Copilot Studio relies on running C# code directly inside the browser using .NET’s WebAssembly implementation. This allows the AI assistant to process complex logic without sending data to the cloud, reducing latency and improving offline capability.

In 2023, the team migrated from .NET 6 to .NET 8, gaining significant performance boosts. Now, with .NET 10, they’ve unlocked additional features that streamline both development and end-user experience.

Automatic Fingerprinting Eliminates Complex Workflows

One of the most impactful changes is automatic fingerprinting of WebAssembly assets. Previously, Copilot Studio had to run a custom PowerShell script that appended SHA256 hashes to every file, then manually pass integrity checks from JavaScript – a fragile, time-consuming process.

With .NET 10, each WASM file now includes a unique identifier in its filename at publish time. “We deleted our entire renaming script and removed the integrity argument from the loader,” Lin explained. “Fingerprinting and integrity validation happen inside dotnet.js now – no extra code needed.” The change also ensures that browsers always load the correct version of each asset, avoiding stale cache issues.

Smaller AOT Outputs with WasmStripILAfterAOT

The second highlight is WasmStripILAfterAOT, now enabled by default in .NET 10 for ahead-of-time (AOT) builds.

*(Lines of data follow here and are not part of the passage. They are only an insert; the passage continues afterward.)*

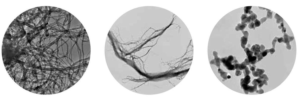 Các ống nano carbon. Ảnh: Minnamari Vippola, UTU. | Sợi nanocellulose. Ảnh: Esa Vanhala, FIOH. | Chuỗi nano oxit kẽm. Ảnh: Esa Vanhala, FIOH. |
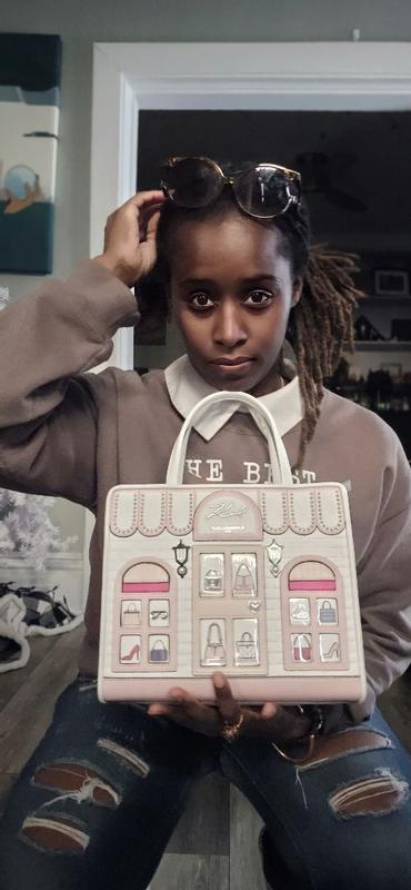 This purse is pretty and practical. The straps are adjustable and thick and aren't uncomfortable. It's durable and there are just enough zippers and pockets. I love that it's a conversation starter and it's not too big or small. I love it. I recently went and checked out more purses from this designer and they're all gorgeous. Karl doesn't miss.
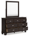 Details B441B9: Includes panel headboard, footboard, rails and slats, Made with hardwood solids, engineered wood veneer and MDF substrates, Dark brown finish, Floating panel headboard, Picture frame footboard, Foundation/box spring required, sold separately , Mattress available, sold separately, Assembly required, B441B1: Includes dresser and mirror, Made with hardwood solids, engineered wood veneer and MDF substrates, Dark brown finish, Metal bar pulls with bright nickel-tone finish, 7 smooth-gliding drawers with dovetail construction and metal center guides, Drawer interiors are lined with a wood grain laminate for a clean, finished look, Top moulding on dresser, Mirror attaches to back of dresser, B441-92: Made with hardwood solids, engineered wood veneer and MDF substrates, Dark brown finish, Metal bar pulls with bright nickel-tone finish, 2 smooth-gliding drawers with dovetail construction and metal center guides, Drawer interiors are lined with a wood grain laminate for a clean, finished look, Top moulding,
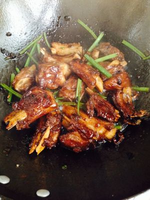 锅内留少许油,切记少许!放入葱姜,爆香。放入排骨,翻炒两分钟。
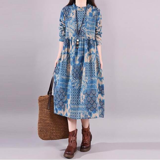 ワンピース レディース ロングワンピース リネンワンピース ロング リゾート プリント コットン リネン 綿麻 麻 きれいめ Aライン フレア 長袖 大きいサイズ 森ガール ゆったり 体型カバー 春

After compiling .NET methods to native WebAssembly, the intermediate language (IL) is no longer needed – and .NET 10 automatically strips it out, shrinking download sizes.

Microsoft Copilot Studio Goes Live with .NET 10 – WebAssembly Upgrade Boosts Speed and Simplifies Deployment
Source: devblogs.microsoft.com

Copilot Studio uses a hybrid approach: it ships both a JIT engine (for fast startup) and an AOT engine (for maximum steady-state speed). Because stripping IL changes the binary signature, the team had to adjust their deduplication logic. “We saved about 15% on total payload for the AOT path,” said Lin. “Even after accounting for lost deduplication, the net effect is a faster, lighter load for users.”

What This Means

For developers building similar WASM applications, the Copilot Studio case study offers a blueprint: upgrading to .NET 10 is largely a matter of updating target frameworks and verifying dependencies. The real wins come from features like automatic fingerprinting, which drastically reduces deployment complexity, and default IL stripping, which trims AOT outputs without extra configuration.

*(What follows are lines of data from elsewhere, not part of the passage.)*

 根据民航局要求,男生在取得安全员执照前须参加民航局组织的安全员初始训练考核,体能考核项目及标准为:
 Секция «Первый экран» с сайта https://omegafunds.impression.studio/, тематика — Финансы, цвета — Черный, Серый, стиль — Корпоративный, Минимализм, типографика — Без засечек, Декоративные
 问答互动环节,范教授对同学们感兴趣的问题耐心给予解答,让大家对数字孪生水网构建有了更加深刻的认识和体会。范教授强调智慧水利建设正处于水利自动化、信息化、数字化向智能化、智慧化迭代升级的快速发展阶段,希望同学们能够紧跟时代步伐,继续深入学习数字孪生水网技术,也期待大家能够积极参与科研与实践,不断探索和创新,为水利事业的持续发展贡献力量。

For end users, this translates to faster load times and smoother interactions with Copilot Studio – especially on slower connections or less powerful devices. “Every millisecond counts in an AI assistant,” Lin added. “With .NET 10, we’re delivering that responsiveness without sacrificing capability.”

Microsoft plans to share detailed performance benchmarks from the upgrade in a forthcoming engineering blog. The company is also exploring further optimizations in .NET 11, including more aggressive tree-shaking of unused WASM modules.